An exact transcription of the lines from the one holding "杨惠书记在会上从学生工作的角" to the end of the entries below, and nothing more, is the required answer. Please omit the pictures.

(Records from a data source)

------------------------------------------------------------

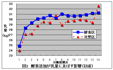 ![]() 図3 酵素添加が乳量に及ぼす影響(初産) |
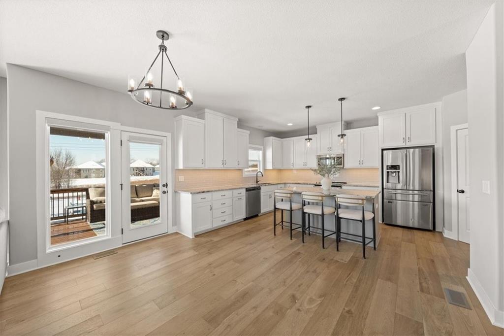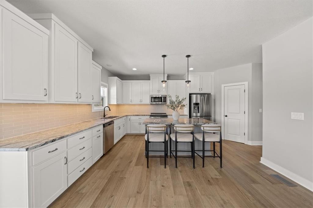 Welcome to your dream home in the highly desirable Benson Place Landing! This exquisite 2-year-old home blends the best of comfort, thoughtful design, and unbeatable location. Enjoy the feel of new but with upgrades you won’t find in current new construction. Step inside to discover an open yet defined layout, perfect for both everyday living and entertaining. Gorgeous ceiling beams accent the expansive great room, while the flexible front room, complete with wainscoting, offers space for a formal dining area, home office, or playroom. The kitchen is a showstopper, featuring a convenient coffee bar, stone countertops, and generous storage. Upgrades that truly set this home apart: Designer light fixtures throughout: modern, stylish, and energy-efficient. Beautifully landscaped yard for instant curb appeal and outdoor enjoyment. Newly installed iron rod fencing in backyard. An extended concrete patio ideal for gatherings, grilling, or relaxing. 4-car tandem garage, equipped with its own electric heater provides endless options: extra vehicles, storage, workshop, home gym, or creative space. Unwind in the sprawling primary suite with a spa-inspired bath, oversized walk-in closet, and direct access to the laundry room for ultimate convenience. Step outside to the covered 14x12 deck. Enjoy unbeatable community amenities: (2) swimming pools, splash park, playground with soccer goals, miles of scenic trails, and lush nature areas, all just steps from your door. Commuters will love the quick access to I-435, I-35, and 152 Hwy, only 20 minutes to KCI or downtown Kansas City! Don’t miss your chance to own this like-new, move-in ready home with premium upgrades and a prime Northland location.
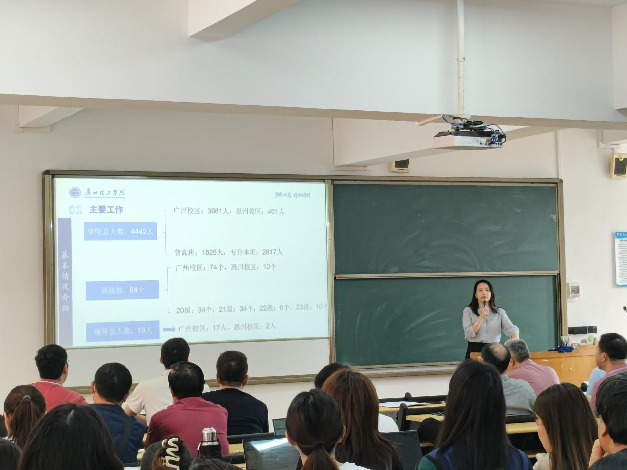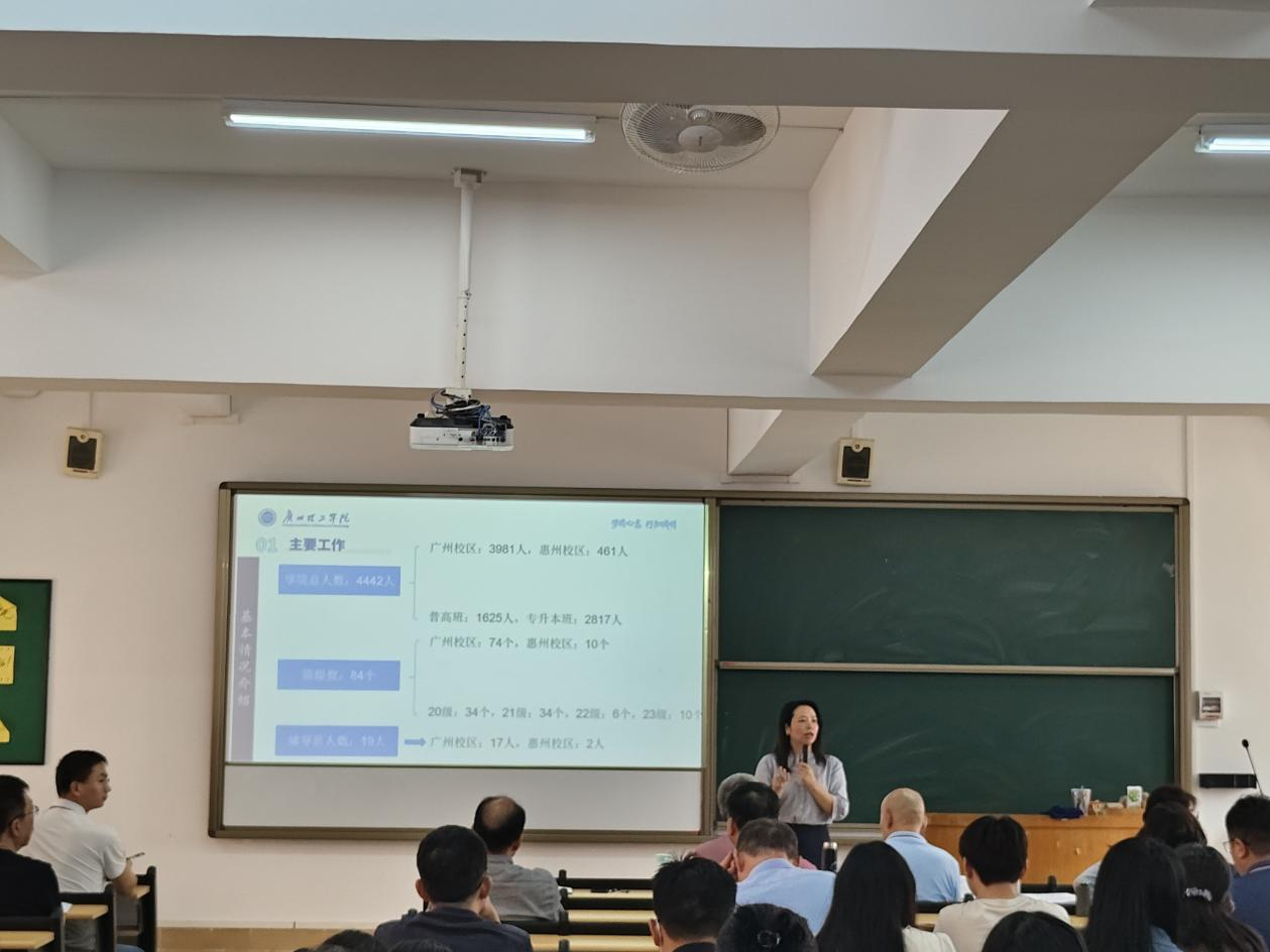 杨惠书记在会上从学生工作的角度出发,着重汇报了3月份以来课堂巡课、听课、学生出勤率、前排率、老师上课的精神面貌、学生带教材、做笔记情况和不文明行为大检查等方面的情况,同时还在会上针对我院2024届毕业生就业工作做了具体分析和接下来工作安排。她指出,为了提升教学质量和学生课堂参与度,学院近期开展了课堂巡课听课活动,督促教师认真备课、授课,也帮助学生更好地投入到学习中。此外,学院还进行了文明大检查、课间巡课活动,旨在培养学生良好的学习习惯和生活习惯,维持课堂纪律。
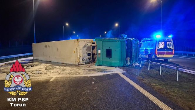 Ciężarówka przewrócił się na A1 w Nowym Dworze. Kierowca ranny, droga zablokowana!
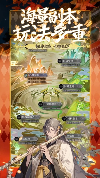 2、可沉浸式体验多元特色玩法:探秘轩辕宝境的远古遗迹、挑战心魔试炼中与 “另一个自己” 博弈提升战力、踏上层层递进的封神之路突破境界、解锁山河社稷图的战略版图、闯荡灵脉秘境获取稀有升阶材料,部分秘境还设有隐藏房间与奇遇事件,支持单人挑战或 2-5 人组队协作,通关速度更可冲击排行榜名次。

------------------------------------------------------------

• Answer section
 杨惠书记在会上从学生工作的角度出发,着重汇报了3月份以来课堂巡课、听课、学生出勤率、前排率、老师上课的精神面貌、学生带教材、做笔记情况和不文明行为大检查等方面的情况,同时还在会上针对我院2024届毕业生就业工作做了具体分析和接下来工作安排。她指出,为了提升教学质量和学生课堂参与度,学院近期开展了课堂巡课听课活动,督促教师认真备课、授课,也帮助学生更好地投入到学习中。此外,学院还进行了文明大检查、课间巡课活动,旨在培养学生良好的学习习惯和生活习惯,维持课堂纪律。
 Ciężarówka przewrócił się na A1 w Nowym Dworze. Kierowca ranny, droga zablokowana!
 2、可沉浸式体验多元特色玩法:探秘轩辕宝境的远古遗迹、挑战心魔试炼中与 “另一个自己” 博弈提升战力、踏上层层递进的封神之路突破境界、解锁山河社稷图的战略版图、闯荡灵脉秘境获取稀有升阶材料,部分秘境还设有隐藏房间与奇遇事件,支持单人挑战或 2-5 人组队协作,通关速度更可冲击排行榜名次。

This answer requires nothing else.